Extracted entries -
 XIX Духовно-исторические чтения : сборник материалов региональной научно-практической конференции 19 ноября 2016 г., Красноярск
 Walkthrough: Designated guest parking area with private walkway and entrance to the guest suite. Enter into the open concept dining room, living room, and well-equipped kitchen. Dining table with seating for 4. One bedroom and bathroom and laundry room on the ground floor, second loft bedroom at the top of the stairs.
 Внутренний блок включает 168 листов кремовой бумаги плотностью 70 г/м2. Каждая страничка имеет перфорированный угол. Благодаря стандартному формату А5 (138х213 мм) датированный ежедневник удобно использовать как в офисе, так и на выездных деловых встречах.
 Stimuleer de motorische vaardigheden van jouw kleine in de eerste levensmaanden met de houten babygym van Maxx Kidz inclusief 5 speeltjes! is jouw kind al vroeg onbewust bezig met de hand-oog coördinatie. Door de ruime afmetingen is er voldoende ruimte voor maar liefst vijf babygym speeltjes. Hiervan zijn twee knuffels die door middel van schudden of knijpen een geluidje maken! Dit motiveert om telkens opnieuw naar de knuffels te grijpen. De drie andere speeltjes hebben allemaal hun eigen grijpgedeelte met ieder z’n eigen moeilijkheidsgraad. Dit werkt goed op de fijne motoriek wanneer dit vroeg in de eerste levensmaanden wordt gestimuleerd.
==
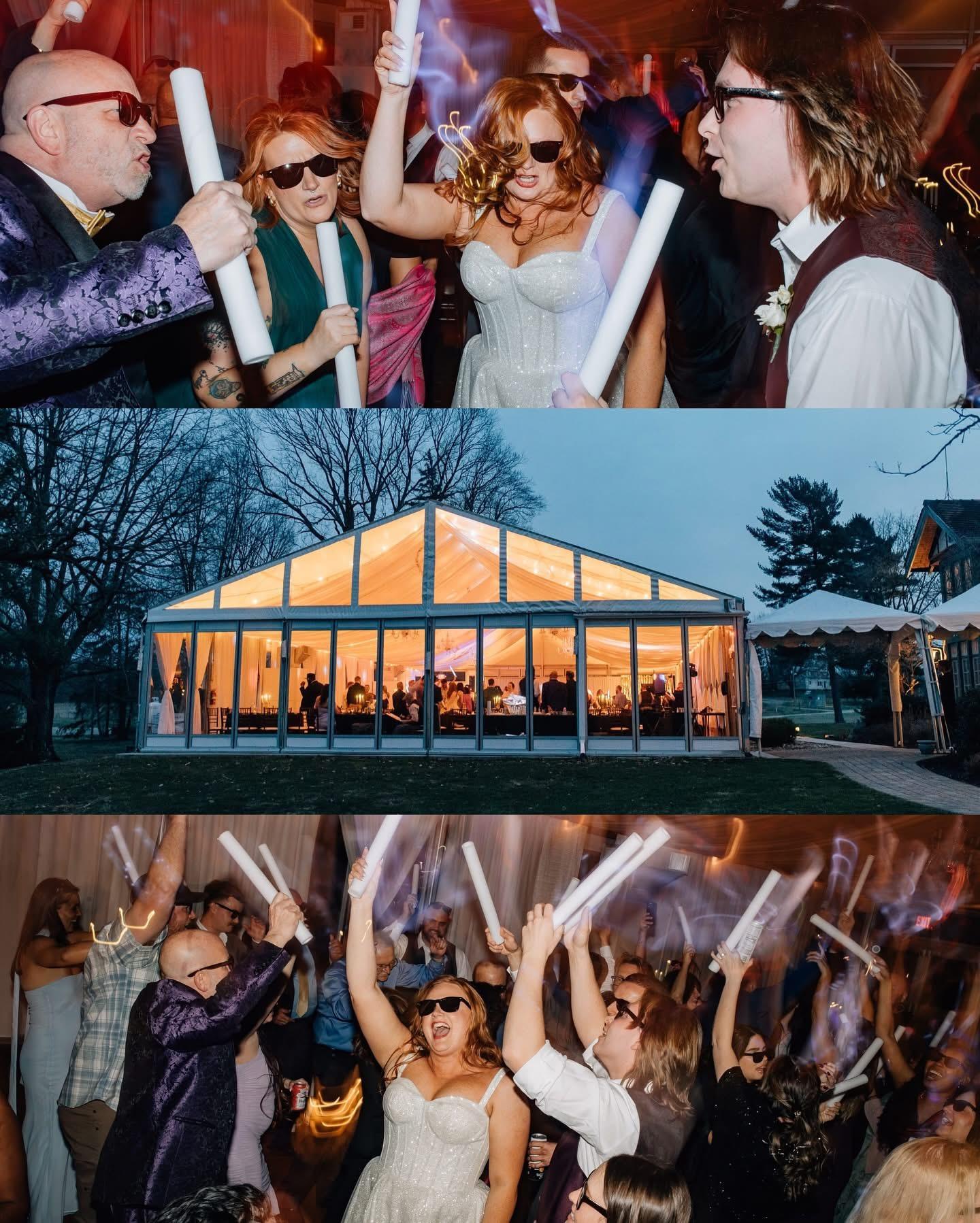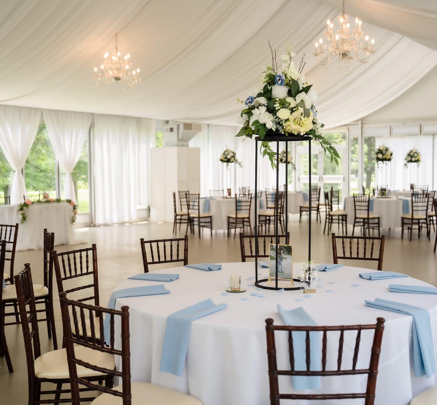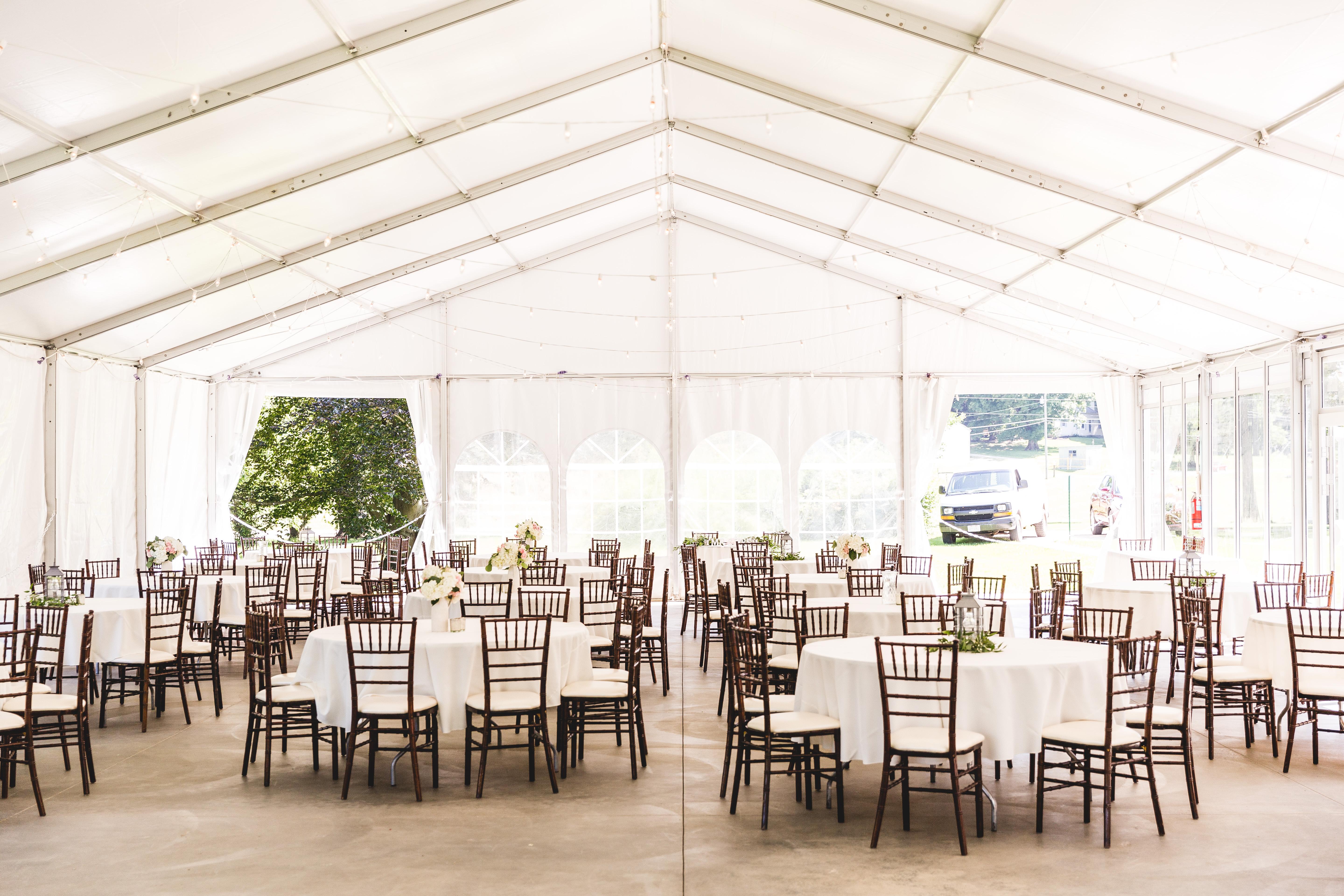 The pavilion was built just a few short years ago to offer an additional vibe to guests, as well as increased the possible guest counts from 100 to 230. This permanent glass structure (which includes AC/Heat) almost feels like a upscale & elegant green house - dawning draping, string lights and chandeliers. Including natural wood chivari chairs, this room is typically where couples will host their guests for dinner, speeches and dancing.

Activity - Send back exactly the lines of the listing above starting at the one with "Walkthrough: Designated guest" and ending at the one with "Stimuleer de motorische", inclusive, and no others.

Written reply -
 Walkthrough: Designated guest parking area with private walkway and entrance to the guest suite. Enter into the open concept dining room, living room, and well-equipped kitchen. Dining table with seating for 4. One bedroom and bathroom and laundry room on the ground floor, second loft bedroom at the top of the stairs.
 Внутренний блок включает 168 листов кремовой бумаги плотностью 70 г/м2. Каждая страничка имеет перфорированный угол. Благодаря стандартному формату А5 (138х213 мм) датированный ежедневник удобно использовать как в офисе, так и на выездных деловых встречах.
 Stimuleer de motorische vaardigheden van jouw kleine in de eerste levensmaanden met de houten babygym van Maxx Kidz inclusief 5 speeltjes! is jouw kind al vroeg onbewust bezig met de hand-oog coördinatie. Door de ruime afmetingen is er voldoende ruimte voor maar liefst vijf babygym speeltjes. Hiervan zijn twee knuffels die door middel van schudden of knijpen een geluidje maken! Dit motiveert om telkens opnieuw naar de knuffels te grijpen. De drie andere speeltjes hebben allemaal hun eigen grijpgedeelte met ieder z’n eigen moeilijkheidsgraad. Dit werkt goed op de fijne motoriek wanneer dit vroeg in de eerste levensmaanden wordt gestimuleerd.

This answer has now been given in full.